For the vast majority of people, the US stock market is the best readily available generator of investment profits. A classic example has to do with if you invested just before a stock market crash. As a rule, if you stayed the course and stayed invested for years or decades, your investments would do just fine. With a sufficiently long holding period, pre-crash investments catch up to the long term average. Having said that, many fortunes have been made by those who bought good stocks at steep discounts at the trough of a stock market crash. So, should you invest in a bull or a bear market?

What Do You Do With Money You Have to Invest?

So, you inherited a healthy sum of money and you want to put it to work for you. You have a decent job or business that you are not going to expand. Thus, your investment will be in stocks, bonds, or maybe real estate. Alternatively, you are able to put aside money from every paycheck for retirement, college for the kids, or to start that business of your own. Should you invest in a bull or a bear market? If you put off your investment for the right time, what do you do with the money?

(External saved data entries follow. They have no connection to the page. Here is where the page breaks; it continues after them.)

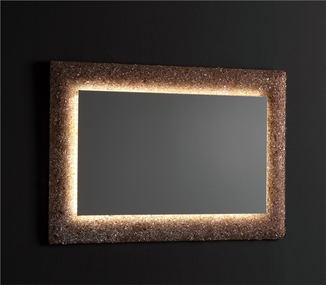 SPECCHIO CON CORNICE IN GRANIGLIA DI VETRO FUSO BRONZO E LED INTEGRATI 90X62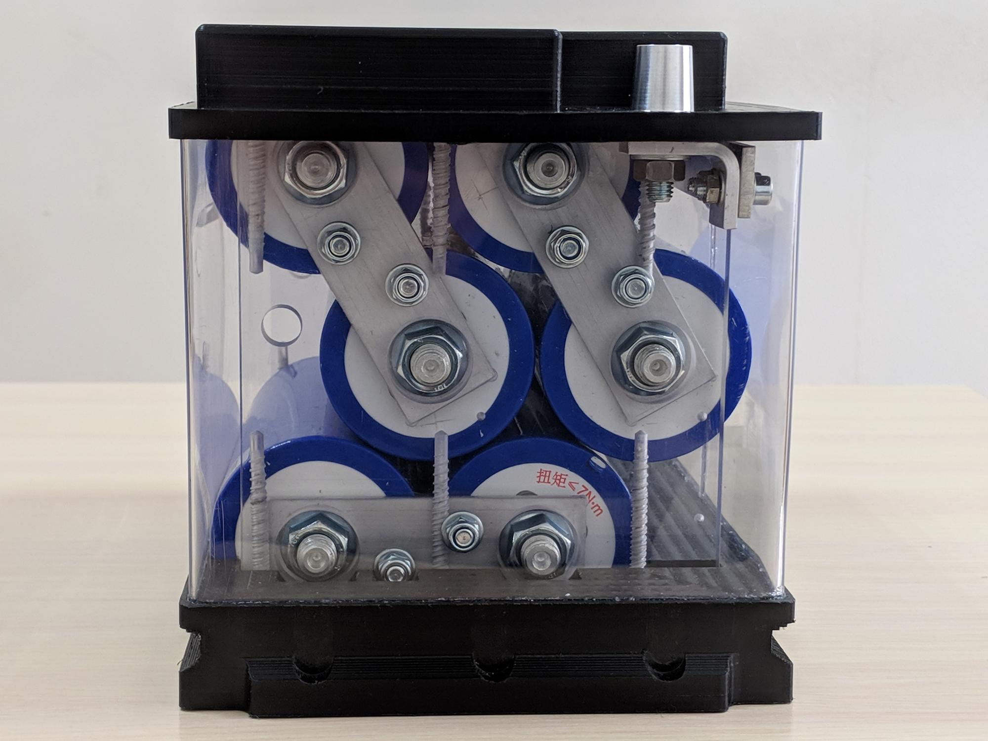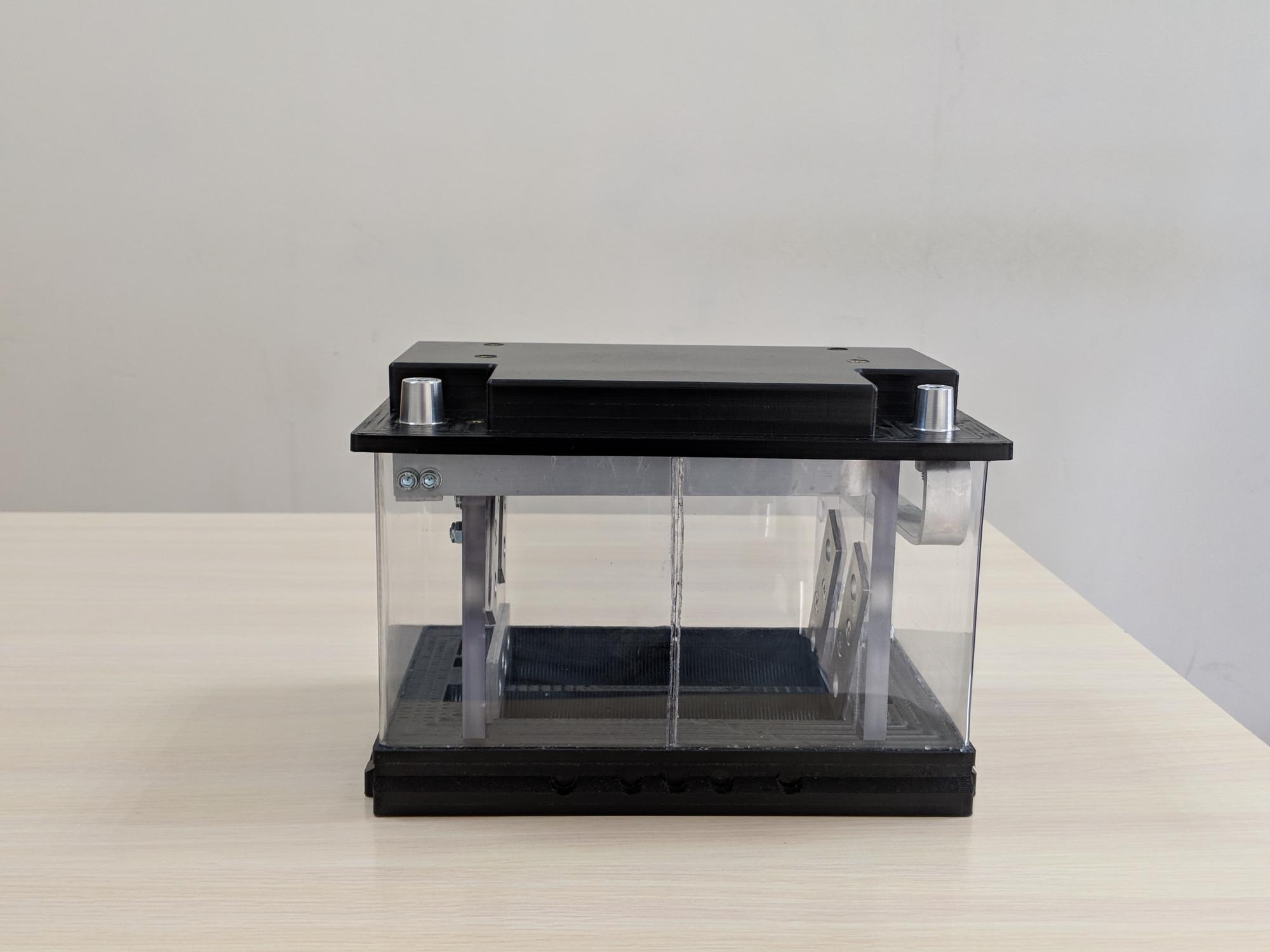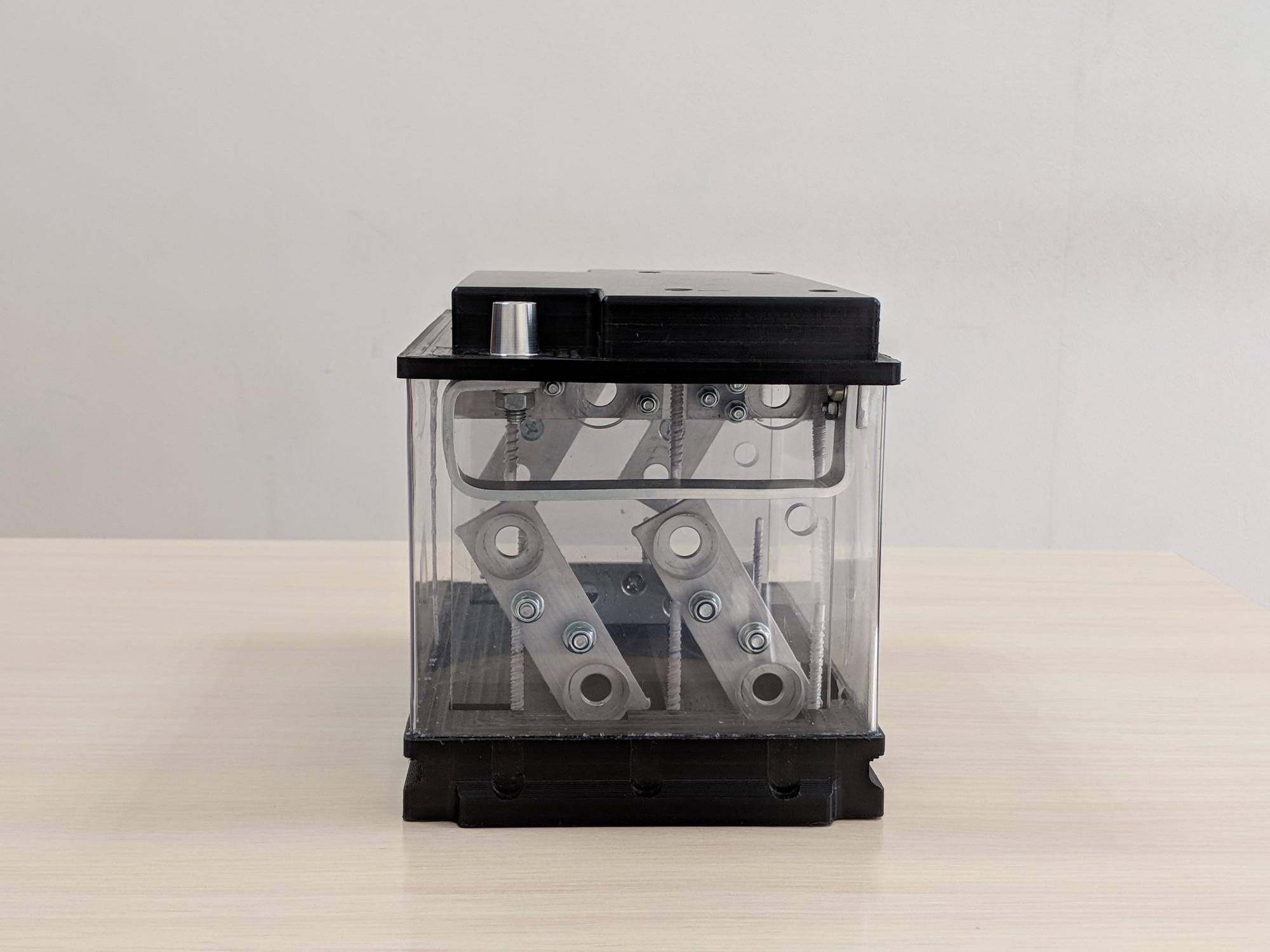 Согласен, с ручкой было бы удобнее. Клеммы из мягкого сплава сложнее обрабатывать на станке. Полярность не обозначена на корпусе, т.к. есть возможность собрать оба варианта. По размерам нижняя проекция корпуса полностью совпадает со стандартным аккумулятором 278x175x190, и немного больше его в средней части, там где прозрачный кожух.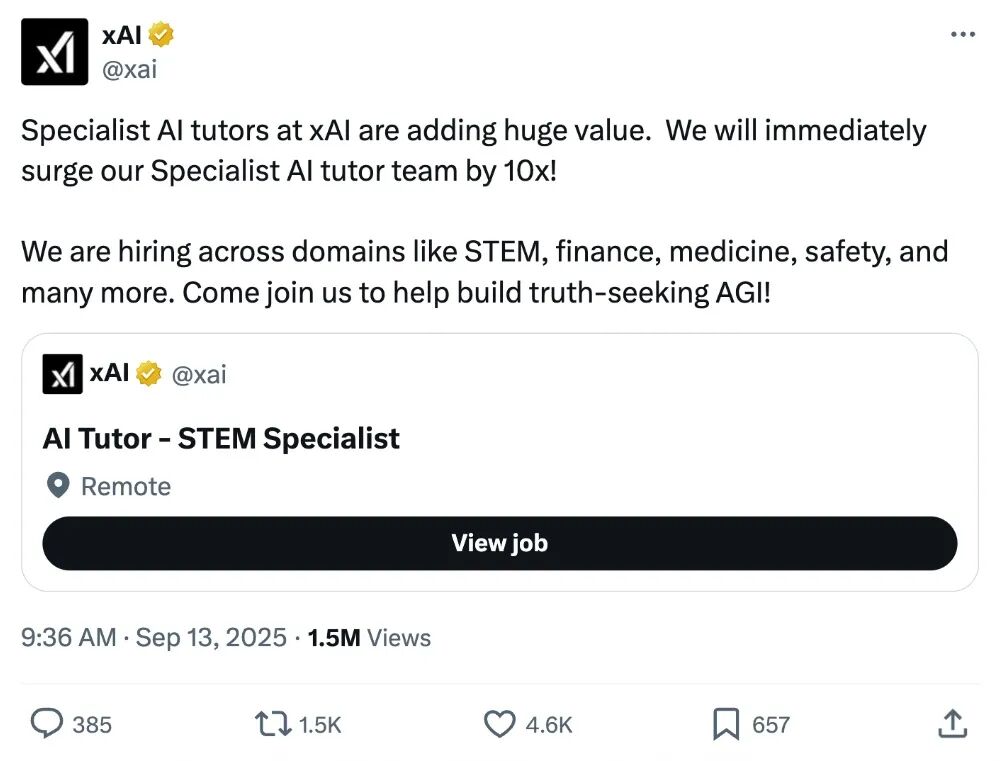 周六,xAI发布推文,称“xAI专业AI导师正创造巨大价值。我们将立即将专业AI导师团队规模扩大十倍!现正招聘STEM(科学、技术、工程、数学)、金融、医学、安全等众多领域人才。加入我们,共同构建追求真理的AGI!”

Are You Able to Time the Market?

According to CFRA Research the stock market bottoms out on average five months before the end of a recession. So, on average, your best time to put money into a mix of stocks would be a few months before a recession is over. Unfortunately, timing the end of a recession can be as difficult as timing when they have begun. When markets fall, they go down due to fundamental reasons like profits falling. And they go down because investors sell their stocks to avoid losses. Panic selling often happens in a sharp market downturn. When fundamentals have stabilized, profits are starting to reappear, and market sentiment turns positive, stocks tend to head upward. This is often an ideal time to purchase stocks with good growth potential and strong intrinsic stock value. But what do you do with your money while you wait? Does this mean you should not buy stocks in a rising market or a flat market? It does mean that you need to be careful of getting into a rising stock market just before the top when fundamentals have been exhausted and fear of missing out is the only thing taking the market higher.

When to Buy in Bull and Bear Markets

If you are investing for the long term you can rely on decades of evidence that the market keeps going up over time. You do not need to sit on cash for years while the market goes up in fear of a crash. And you do not need to perfectly time a market bottom to make money. A commonly used approach to long term investing is called dollar cost averaging. With this approach an investor chooses a sum or money and a timing schedule such as every paycheck, every month, quarterly, etc. He or she chooses a mix of growth and value stocks and even bonds. Then he or she puts the same amount of money into those investments every time. As the market goes up the investor will not be tempted to invest too much just before a crash. When the market falls the investor will be able to buy good long term investments at substantial discounts.